Exercise objective —
Starting at the line holding "技术人员现场对照项目设计图纸" and finishing at the line holding "赤瀬 鮮鏡さんの総格は63画の4点!", transcribe the material exactly, keeping both ends but no pictures.

Source data —
=== Section Start ===
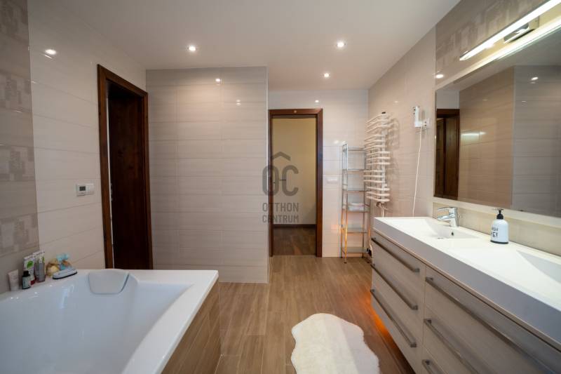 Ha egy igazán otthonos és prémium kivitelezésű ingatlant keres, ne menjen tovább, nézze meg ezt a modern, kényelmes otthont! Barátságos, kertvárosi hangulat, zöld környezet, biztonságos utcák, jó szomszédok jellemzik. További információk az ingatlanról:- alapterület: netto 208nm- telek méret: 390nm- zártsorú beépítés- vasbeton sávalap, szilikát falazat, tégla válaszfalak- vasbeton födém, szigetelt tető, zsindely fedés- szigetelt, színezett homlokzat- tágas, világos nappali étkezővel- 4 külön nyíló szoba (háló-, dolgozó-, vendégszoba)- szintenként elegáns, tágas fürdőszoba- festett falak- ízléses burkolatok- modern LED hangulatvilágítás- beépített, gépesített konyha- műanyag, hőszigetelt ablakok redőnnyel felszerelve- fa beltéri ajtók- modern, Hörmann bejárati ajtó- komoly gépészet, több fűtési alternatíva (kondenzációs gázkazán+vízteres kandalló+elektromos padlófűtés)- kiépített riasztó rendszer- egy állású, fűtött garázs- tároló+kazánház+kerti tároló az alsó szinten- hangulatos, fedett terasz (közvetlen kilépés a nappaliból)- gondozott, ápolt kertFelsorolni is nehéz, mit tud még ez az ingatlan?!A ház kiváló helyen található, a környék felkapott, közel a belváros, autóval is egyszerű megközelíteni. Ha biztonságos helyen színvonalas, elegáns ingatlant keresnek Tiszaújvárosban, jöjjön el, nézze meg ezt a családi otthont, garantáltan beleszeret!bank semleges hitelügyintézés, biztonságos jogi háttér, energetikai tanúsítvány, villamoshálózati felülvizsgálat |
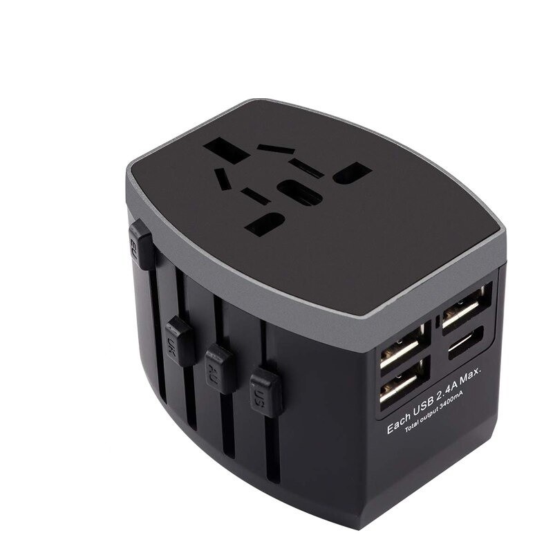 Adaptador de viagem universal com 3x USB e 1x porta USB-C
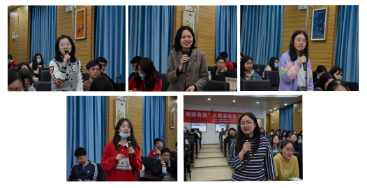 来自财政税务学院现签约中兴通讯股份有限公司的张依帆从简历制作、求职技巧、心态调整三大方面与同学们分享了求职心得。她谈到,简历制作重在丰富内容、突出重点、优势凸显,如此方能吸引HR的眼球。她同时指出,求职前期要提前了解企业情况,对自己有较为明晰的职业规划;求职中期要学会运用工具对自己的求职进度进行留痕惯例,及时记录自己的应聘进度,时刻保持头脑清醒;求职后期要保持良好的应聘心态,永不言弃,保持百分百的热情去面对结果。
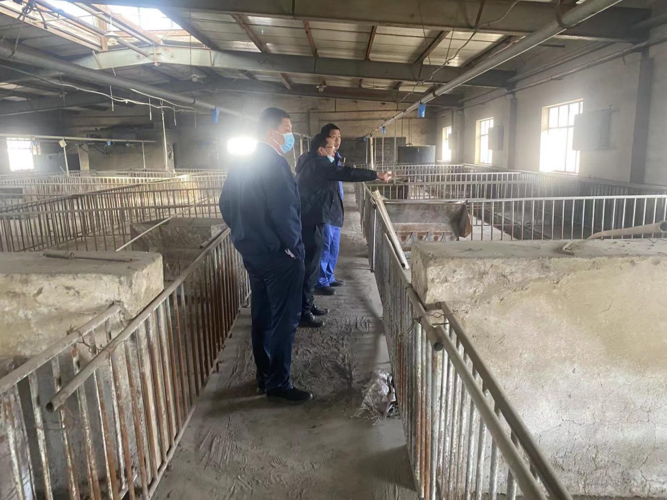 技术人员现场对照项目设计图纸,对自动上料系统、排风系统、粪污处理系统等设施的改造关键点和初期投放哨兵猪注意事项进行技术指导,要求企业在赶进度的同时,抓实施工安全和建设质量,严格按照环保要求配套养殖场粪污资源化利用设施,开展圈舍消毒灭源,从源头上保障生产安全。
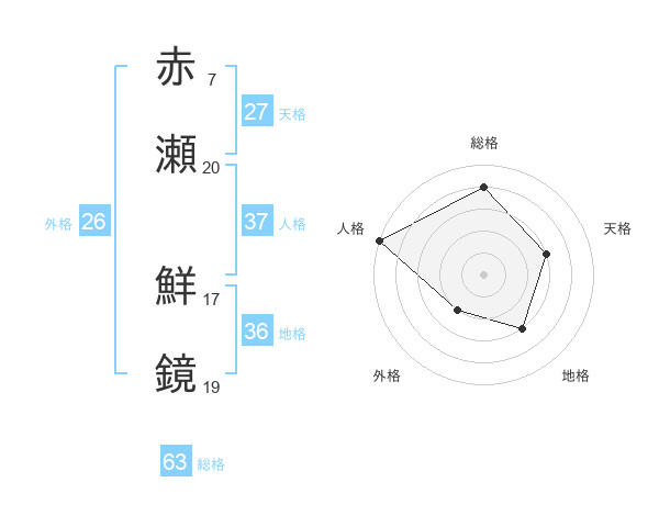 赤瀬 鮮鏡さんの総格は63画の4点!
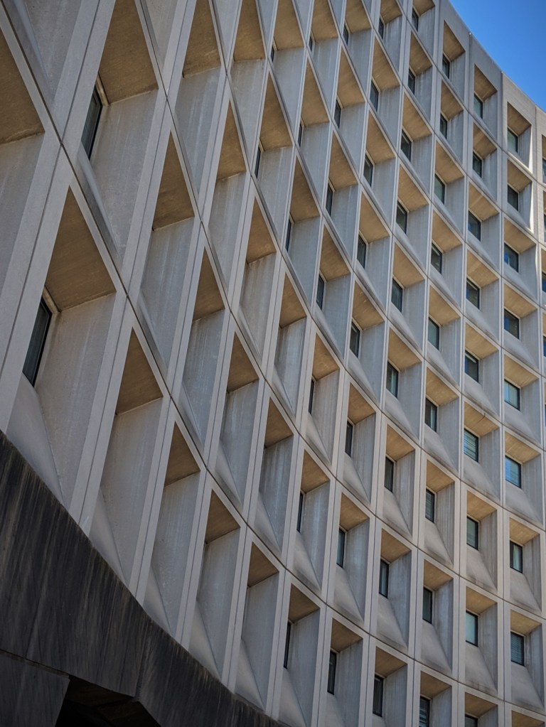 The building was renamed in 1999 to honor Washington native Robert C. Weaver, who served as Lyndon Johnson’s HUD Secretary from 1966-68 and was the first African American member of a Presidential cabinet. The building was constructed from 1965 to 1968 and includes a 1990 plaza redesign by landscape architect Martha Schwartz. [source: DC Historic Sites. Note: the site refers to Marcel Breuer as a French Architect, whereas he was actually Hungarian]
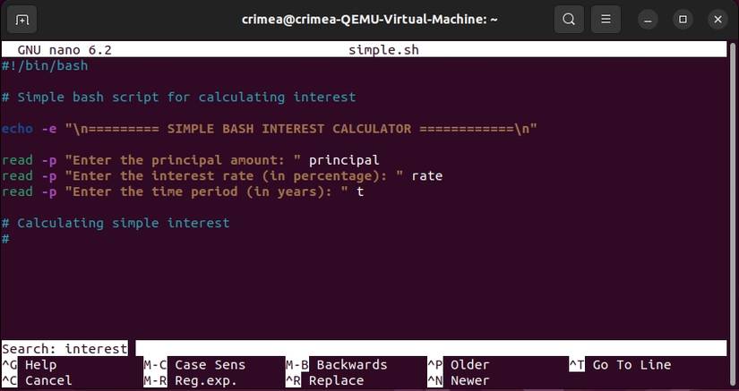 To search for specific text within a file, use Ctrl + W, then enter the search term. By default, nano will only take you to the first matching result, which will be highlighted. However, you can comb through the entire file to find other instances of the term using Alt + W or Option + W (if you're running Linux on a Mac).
=== Section End ===
=== Section Start ===
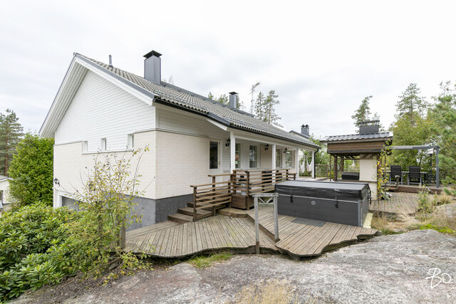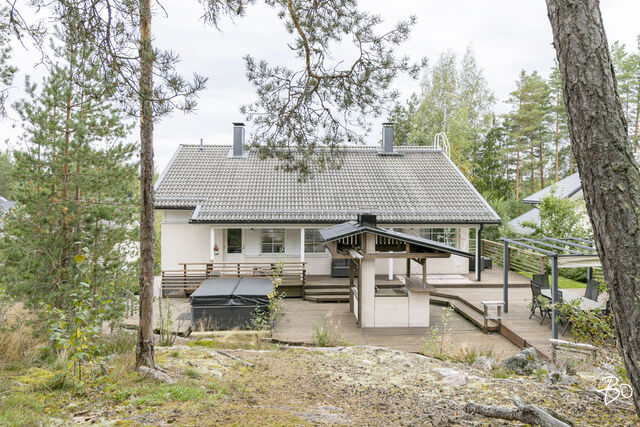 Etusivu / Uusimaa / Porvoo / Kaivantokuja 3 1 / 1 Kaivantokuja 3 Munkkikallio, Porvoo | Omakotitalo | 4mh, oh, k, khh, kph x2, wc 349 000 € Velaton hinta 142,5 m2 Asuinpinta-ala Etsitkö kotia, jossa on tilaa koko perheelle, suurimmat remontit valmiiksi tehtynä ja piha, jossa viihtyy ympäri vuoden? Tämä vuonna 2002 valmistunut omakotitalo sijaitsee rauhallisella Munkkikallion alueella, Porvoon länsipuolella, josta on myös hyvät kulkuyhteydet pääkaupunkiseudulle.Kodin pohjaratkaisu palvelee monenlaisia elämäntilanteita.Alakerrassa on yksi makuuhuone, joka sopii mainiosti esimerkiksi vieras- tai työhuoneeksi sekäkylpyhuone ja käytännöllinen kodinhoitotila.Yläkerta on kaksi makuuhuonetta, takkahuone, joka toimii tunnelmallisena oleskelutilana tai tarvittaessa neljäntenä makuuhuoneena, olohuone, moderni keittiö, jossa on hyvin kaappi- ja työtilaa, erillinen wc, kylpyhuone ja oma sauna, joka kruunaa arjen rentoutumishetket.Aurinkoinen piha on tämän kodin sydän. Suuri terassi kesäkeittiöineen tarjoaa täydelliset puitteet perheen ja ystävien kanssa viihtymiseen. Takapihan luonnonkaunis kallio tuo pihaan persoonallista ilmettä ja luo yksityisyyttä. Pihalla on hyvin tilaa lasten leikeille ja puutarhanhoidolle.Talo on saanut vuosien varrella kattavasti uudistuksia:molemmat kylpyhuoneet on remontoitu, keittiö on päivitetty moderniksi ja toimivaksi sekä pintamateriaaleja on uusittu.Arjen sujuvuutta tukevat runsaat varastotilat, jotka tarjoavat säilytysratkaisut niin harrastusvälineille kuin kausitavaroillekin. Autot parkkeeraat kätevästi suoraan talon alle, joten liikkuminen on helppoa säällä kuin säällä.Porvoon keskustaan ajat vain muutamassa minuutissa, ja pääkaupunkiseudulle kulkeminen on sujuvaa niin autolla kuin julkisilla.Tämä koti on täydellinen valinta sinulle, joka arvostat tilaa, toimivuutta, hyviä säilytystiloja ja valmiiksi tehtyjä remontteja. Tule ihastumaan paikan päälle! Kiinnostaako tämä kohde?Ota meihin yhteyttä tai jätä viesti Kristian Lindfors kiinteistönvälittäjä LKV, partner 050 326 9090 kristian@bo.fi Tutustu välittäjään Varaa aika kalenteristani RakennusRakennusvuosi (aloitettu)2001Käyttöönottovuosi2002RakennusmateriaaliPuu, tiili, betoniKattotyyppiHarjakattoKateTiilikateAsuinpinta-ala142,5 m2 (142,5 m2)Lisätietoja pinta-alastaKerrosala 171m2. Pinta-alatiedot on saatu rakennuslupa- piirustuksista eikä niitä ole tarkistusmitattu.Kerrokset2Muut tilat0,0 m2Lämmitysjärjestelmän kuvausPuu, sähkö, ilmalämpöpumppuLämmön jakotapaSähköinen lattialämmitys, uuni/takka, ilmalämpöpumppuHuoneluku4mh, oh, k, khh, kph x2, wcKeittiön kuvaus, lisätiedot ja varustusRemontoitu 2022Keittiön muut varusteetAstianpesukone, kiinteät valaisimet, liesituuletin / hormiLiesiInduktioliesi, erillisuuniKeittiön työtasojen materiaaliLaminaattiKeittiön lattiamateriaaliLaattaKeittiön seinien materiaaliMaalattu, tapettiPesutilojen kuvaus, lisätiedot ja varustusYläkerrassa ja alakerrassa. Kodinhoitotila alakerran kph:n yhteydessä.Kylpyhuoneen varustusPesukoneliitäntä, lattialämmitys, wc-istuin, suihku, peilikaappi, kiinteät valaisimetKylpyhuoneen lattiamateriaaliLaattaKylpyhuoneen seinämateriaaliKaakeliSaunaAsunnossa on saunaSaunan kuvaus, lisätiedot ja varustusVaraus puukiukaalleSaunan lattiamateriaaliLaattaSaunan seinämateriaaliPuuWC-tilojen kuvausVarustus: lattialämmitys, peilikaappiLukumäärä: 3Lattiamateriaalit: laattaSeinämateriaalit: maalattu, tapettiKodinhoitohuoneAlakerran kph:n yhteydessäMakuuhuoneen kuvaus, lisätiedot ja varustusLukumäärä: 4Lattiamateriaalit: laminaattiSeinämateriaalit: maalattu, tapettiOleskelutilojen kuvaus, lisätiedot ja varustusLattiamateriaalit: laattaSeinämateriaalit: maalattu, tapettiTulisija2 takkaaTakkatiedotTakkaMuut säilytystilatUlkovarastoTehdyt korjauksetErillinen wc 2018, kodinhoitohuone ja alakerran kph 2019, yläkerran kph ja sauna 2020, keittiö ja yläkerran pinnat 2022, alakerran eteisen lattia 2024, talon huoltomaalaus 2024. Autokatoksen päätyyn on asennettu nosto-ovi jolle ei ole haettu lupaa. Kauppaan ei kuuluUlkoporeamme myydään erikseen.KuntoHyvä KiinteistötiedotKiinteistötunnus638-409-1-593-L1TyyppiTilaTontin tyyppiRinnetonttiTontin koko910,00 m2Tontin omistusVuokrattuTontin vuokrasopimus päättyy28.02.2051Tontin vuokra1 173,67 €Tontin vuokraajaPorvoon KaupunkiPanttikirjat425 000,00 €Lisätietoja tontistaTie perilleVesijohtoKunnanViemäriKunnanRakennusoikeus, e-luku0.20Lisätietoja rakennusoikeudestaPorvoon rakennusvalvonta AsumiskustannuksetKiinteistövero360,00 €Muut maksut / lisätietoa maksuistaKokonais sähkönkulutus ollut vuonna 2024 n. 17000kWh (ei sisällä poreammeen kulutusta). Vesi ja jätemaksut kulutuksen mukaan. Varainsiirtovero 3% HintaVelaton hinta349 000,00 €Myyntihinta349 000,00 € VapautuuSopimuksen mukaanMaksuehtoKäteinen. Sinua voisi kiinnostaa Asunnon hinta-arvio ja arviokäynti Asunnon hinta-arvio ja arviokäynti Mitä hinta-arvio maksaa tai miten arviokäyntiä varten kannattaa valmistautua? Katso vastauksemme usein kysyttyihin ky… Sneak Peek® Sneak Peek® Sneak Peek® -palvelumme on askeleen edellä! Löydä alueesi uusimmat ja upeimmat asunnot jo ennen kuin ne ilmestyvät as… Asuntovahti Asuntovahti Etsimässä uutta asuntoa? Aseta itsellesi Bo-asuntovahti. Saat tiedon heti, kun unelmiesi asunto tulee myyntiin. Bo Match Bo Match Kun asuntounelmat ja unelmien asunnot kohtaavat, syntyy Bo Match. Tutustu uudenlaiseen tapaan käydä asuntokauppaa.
=== Section End ===
Answer to this problem —
 技术人员现场对照项目设计图纸,对自动上料系统、排风系统、粪污处理系统等设施的改造关键点和初期投放哨兵猪注意事项进行技术指导,要求企业在赶进度的同时,抓实施工安全和建设质量,严格按照环保要求配套养殖场粪污资源化利用设施,开展圈舍消毒灭源,从源头上保障生产安全。
 赤瀬 鮮鏡さんの総格は63画の4点!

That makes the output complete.